# Teaching and Ruling Elder



## larryjf

I seem to remember that there is a Presbyterian church out there that does not hold to a distinction between Teaching and Ruling Elder.

Anybody familiar with these groups? I can't remember the name of the one that i am thinking of.


----------



## bookslover

larryjf said:


> I seem to remember that there is a Presbyterian church out there that does not hold to a distinction between Teaching and Ruling Elder.
> 
> Anybody familiar with these groups? I can't remember the name of the one that i am thinking of.



From the Bible's standpoint, to say "teaching and ruling elder" is inaccurate, in that, according to the pastoral epistles, _all_ elders must be able to teach. The Scriptures distinguish between elders and deacons, not between elders who are able to teach and elders who are not.

In my opinion, the phrase "teaching and ruling elder" is a 3-office distinction, not a biblical one.

I know this doesn't answer the question you asked, but I just thought I'd throw my  in there.

Reactions: Like 1


----------



## WrittenFromUtopia

Here's another related question... Are ruling elders to be prefaced as "Rev." like TE's are?


----------



## Semper Fidelis

Are there any history buffs on this one who can explain the historic Presbyterian distinction between Ministers/Pastors/Teaching Elders who are traditionally members of the Presbytery and licensed by them and Ruling Elders who are elected solely by the local congregation and maintain local membership?

I ask because years ago I studied this during leadership classes and found it interesting that the OPC and PCA don't maintain, on paper, the distinction between the Offices but they practically do. A ruling elder cannot preach, he can only exhort. He cannot administer the Lord's Supper. There are other differences.

Thus, while the OPC and PCA and other Presbyterian denominations say they hold to a two office view, they practice a three office view.

I've oft wondered if we've just inherited the practice of a professional ministry and never broke ourselves of the habit in Presbyterianism or if the Westminister standards spell that out a bit more in some of the documents I'm less familiar with.

Reactions: Like 1


----------



## bookslover

SemperFideles said:


> A ruling elder cannot preach, he can only exhort.



This is strictly a semantic difference, of course, fervently maintained by 3-office folks in order to protect what is, from their point of view, what they think is their "territory". From the viewpoint of the pew, there is no practical difference.

The Bible knows only two offices: deacon and elder. Some elders hold full-time preaching and teaching positions (we call them "pastors"). But _all_ elders are biblicallly required to be able to teach.

1 Timothy 5:17 states that the "elders who rule well" are to be "considered worthy of double honor" - that means _all_ the elders who rule well, without distinction. Paul goes on to mention "especially" those who "labor in preaching and teaching". He wants to make sure that these latter are especially remembered, but he still is only including them as a subset of the "elders who rule well".

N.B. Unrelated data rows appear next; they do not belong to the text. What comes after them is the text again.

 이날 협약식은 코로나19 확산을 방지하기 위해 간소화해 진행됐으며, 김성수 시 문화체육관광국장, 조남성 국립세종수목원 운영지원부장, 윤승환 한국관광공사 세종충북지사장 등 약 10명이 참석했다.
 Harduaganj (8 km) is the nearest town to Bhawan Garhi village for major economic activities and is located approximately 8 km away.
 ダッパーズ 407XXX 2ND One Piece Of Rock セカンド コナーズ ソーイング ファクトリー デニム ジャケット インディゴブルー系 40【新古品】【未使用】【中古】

Unfortunately, I believe the 3-office folks have taken that term "especially" and used it to create this gulf between "teaching elders" and "ruling elders". An unbiblical distinction, in my view.

Reactions: Like 1


----------



## MW

Richard, supposing there is no difference, should these ruling elders who exhort/preach be trained and ordained by presbytery?


----------



## Semper Fidelis

bookslover said:


> This is strictly a semantic difference, of course, fervently maintained by 3-office folks in order to protect what is, from their point of view, what they think is their "territory". From the viewpoint of the pew, there is no practical difference.


It's not just a semantic difference. One has to be _licensed_ to preach in PCA and OPC churches. I don't know about all the other ones.

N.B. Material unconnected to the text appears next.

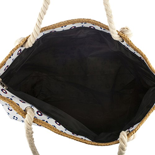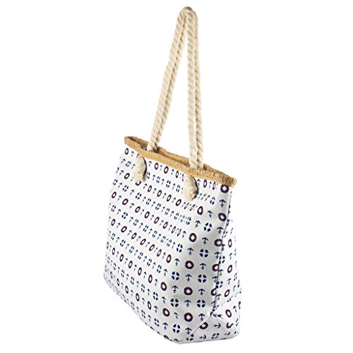 Lux Accessories Womens 21' x 12' Large Canvas Zip Up Anchor and Lifesaver Beach Bag
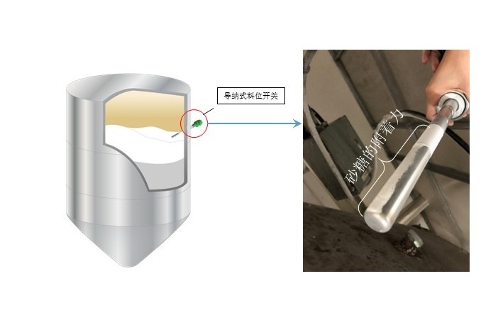 一般的电容式料位开关不适用于粘性材料。 由于松岛导纳式料位开关具有保护电极,可防止附着产生的噪声, 因此即使在感测棒上堆积了某些材料,它也能可靠地正常检出。

> The Bible knows only two offices: deacon and elder. Some elders hold full-time preaching and teaching positions (we call them "pastors"). But _all_ elders are biblicallly required to be able to teach.
> 
> 1 Timothy 5:17 states that the "elders who rule well" are to be "considered worthy of double honor" - that means _all_ the elders who rule well, without distinction. Paul goes on to mention "especially" those who "labor in preaching and teaching". He wants to make sure that these latter are especially remembered, but he still is only including them as a subset of the "elders who rule well".
> 
> Unfortunately, I believe the 3-office folks have taken that term "especially" and used it to create this gulf between "teaching elders" and "ruling elders". An unbiblical distinction, in my view.



I'm not in complete disagreement on this but whether or not they'll come out and say it clearly, the OPC and PCA are pretty much 3 office denominations. I'm curious about the history of this and how it's been developed. One can argue for the equity all day long but the fact is that Presbyterians demand significant training and examination for one type of elder but relatively little (by comparison) for the other. Also, one type is a member of the Presbytery and not the local Church.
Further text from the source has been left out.